Aim of the exercise: Give again, exactly as written, the lines of the records below from the line with "Pinpoint Test K: The" to the line with "- Kilz Premium is". Both end lines count; pictures do not.
== Given data ==
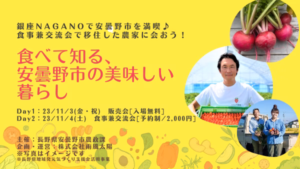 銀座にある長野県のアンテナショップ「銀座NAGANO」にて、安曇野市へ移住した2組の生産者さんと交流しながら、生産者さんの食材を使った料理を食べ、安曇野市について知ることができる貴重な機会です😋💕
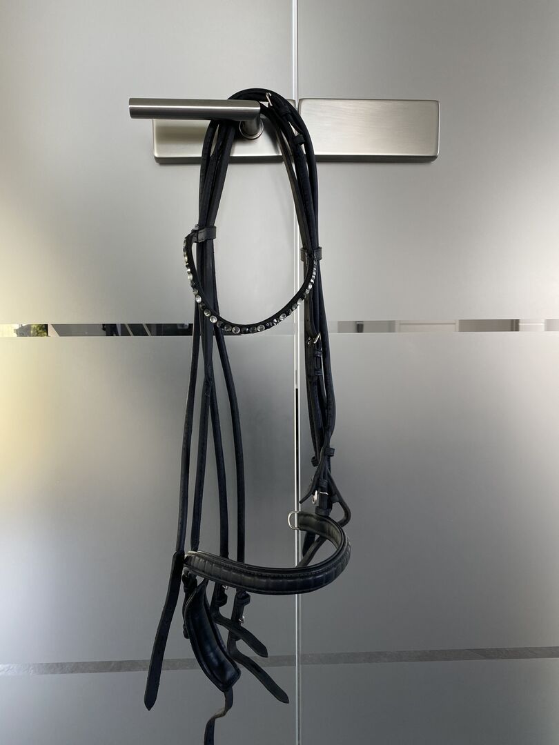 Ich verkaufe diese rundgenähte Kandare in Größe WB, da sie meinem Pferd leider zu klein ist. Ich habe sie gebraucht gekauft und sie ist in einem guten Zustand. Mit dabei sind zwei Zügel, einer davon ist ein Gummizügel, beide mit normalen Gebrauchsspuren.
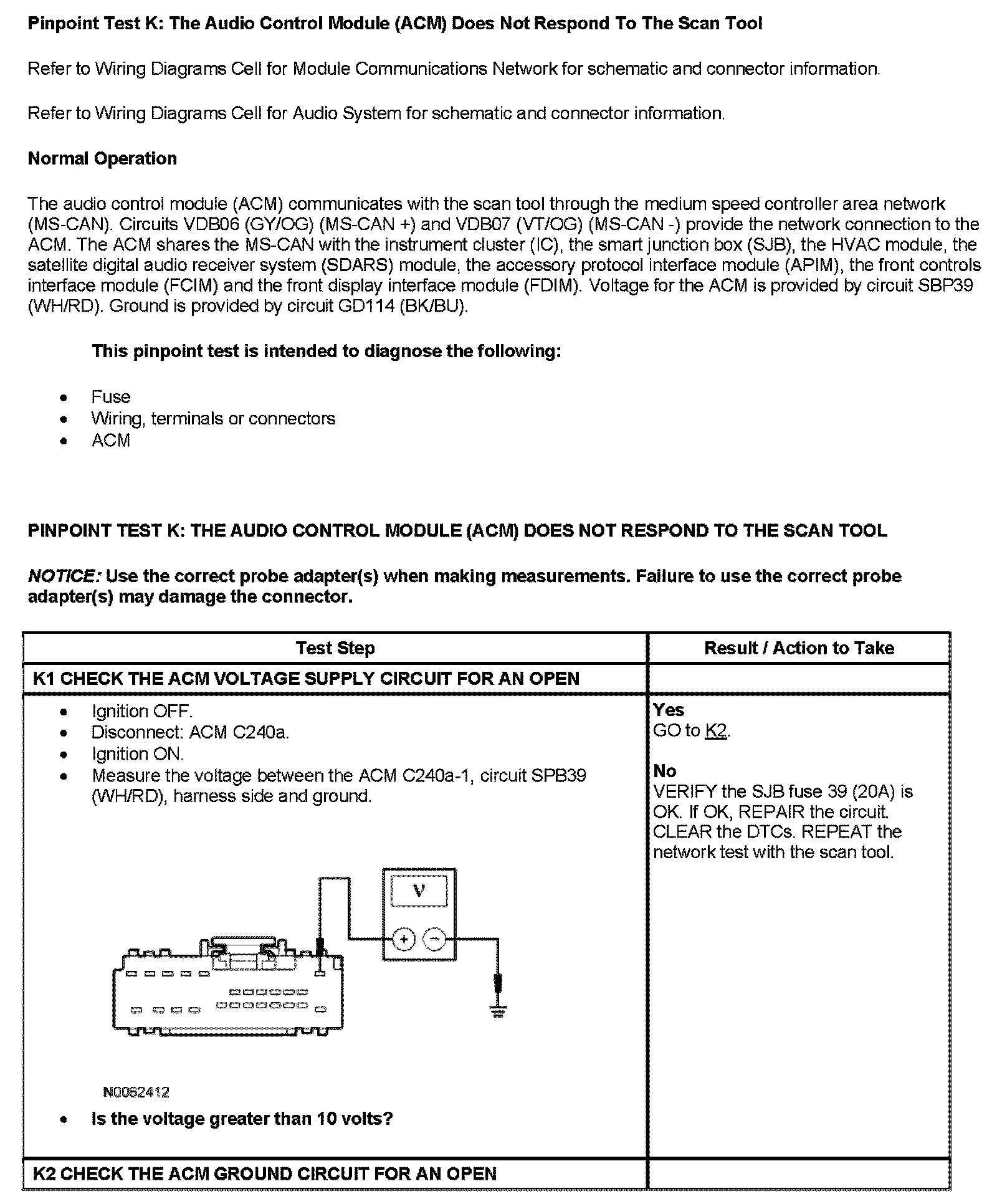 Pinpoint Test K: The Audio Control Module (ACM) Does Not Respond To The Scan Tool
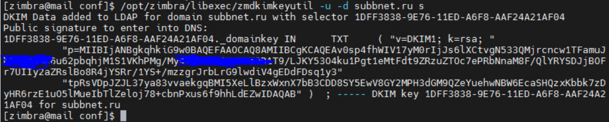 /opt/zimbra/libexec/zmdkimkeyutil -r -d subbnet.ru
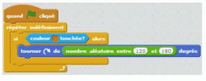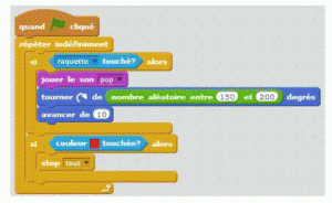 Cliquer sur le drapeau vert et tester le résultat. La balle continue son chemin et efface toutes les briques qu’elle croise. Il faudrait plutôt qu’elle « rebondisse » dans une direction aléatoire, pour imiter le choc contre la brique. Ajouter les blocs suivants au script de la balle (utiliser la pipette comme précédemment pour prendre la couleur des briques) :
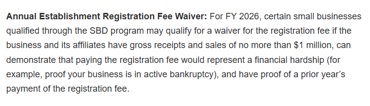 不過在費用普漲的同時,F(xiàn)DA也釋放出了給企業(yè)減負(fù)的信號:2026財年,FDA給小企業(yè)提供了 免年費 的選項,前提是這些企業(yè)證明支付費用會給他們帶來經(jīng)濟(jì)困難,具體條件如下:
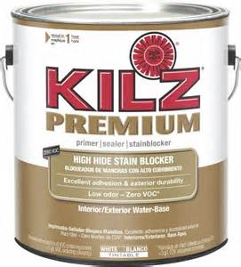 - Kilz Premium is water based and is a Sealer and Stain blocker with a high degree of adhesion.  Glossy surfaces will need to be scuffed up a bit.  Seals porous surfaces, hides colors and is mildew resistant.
===
== Given data ==
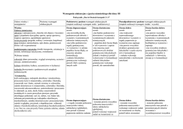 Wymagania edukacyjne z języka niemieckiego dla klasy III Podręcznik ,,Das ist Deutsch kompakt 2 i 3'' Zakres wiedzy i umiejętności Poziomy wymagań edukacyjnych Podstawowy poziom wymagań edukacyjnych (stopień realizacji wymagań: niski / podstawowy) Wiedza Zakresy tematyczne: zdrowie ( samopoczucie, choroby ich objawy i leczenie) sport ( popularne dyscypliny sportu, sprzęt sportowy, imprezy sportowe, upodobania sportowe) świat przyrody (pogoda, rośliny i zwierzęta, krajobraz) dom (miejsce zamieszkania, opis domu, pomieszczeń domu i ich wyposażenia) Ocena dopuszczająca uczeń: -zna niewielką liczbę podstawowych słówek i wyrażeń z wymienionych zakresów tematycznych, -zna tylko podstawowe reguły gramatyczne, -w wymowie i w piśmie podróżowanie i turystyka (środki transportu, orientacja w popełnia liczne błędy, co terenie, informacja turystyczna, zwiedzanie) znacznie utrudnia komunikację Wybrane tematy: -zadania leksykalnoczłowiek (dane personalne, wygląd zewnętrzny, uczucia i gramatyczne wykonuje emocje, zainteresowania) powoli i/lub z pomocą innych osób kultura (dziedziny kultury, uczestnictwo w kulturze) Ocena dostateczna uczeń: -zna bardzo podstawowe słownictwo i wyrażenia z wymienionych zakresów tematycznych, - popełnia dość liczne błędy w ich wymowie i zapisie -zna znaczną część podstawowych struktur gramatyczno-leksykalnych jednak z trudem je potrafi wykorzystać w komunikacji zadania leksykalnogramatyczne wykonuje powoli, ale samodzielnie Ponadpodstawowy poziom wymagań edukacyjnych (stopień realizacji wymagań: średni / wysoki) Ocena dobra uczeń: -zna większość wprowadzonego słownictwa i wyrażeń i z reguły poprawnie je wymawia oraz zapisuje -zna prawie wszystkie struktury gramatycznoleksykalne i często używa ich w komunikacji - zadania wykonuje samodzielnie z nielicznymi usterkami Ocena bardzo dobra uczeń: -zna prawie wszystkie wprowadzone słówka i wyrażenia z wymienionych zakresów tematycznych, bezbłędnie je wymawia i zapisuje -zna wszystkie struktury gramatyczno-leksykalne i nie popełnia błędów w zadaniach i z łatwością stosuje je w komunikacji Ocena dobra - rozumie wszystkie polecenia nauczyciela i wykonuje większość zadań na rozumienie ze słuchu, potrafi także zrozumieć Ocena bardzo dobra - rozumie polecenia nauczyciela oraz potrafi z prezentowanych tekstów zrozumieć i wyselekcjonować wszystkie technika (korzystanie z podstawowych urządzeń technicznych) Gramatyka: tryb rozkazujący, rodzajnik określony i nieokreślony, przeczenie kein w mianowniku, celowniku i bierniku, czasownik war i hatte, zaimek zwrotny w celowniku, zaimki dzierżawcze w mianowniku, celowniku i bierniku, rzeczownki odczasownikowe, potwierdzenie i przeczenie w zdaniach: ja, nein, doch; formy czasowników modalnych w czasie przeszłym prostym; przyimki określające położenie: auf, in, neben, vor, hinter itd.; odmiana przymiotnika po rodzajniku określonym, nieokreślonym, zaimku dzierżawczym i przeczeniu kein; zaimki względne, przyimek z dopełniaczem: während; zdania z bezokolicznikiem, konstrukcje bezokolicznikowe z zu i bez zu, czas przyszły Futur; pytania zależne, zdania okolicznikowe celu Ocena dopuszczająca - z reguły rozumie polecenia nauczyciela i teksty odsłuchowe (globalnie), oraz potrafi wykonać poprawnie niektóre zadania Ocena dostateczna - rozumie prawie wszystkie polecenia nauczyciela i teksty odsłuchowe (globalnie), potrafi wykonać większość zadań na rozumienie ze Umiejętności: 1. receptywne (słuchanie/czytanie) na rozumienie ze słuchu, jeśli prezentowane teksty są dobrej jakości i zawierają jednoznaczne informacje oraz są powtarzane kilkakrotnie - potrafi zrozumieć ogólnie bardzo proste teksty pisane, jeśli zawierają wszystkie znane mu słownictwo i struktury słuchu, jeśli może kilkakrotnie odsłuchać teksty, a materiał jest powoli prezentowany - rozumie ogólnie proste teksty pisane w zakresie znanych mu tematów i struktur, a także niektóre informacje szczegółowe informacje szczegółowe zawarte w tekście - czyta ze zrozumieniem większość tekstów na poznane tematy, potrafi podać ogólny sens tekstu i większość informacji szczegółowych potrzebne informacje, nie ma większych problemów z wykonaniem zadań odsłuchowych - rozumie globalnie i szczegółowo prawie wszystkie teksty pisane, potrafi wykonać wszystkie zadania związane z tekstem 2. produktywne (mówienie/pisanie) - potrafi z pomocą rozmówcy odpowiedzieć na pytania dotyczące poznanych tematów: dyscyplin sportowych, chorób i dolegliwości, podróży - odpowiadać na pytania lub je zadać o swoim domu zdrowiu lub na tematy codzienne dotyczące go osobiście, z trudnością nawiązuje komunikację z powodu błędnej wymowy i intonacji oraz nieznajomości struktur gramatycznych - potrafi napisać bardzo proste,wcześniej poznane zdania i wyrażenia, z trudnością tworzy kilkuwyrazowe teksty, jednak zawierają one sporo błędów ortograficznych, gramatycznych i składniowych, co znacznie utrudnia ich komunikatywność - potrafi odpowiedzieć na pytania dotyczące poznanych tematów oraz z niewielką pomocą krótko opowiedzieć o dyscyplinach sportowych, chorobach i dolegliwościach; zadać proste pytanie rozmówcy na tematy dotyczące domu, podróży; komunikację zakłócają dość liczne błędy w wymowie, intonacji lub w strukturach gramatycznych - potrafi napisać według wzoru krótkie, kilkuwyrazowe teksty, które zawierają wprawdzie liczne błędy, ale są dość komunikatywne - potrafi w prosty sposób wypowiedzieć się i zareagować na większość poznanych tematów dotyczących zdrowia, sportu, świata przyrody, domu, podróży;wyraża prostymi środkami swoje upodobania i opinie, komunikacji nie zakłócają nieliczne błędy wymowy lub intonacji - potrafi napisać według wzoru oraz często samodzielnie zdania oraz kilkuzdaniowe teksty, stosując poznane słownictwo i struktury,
===
Expected answer:
 Pinpoint Test K: The Audio Control Module (ACM) Does Not Respond To The Scan Tool
 /opt/zimbra/libexec/zmdkimkeyutil -r -d subbnet.ru
 Cliquer sur le drapeau vert et tester le résultat. La balle continue son chemin et efface toutes les briques qu’elle croise. Il faudrait plutôt qu’elle « rebondisse » dans une direction aléatoire, pour imiter le choc contre la brique. Ajouter les blocs suivants au script de la balle (utiliser la pipette comme précédemment pour prendre la couleur des briques) :
 不過在費用普漲的同時,F(xiàn)DA也釋放出了給企業(yè)減負(fù)的信號:2026財年,FDA給小企業(yè)提供了 免年費 的選項,前提是這些企業(yè)證明支付費用會給他們帶來經(jīng)濟(jì)困難,具體條件如下:
 - Kilz Premium is water based and is a Sealer and Stain blocker with a high degree of adhesion.  Glossy surfaces will need to be scuffed up a bit.  Seals porous surfaces, hides colors and is mildew resistant.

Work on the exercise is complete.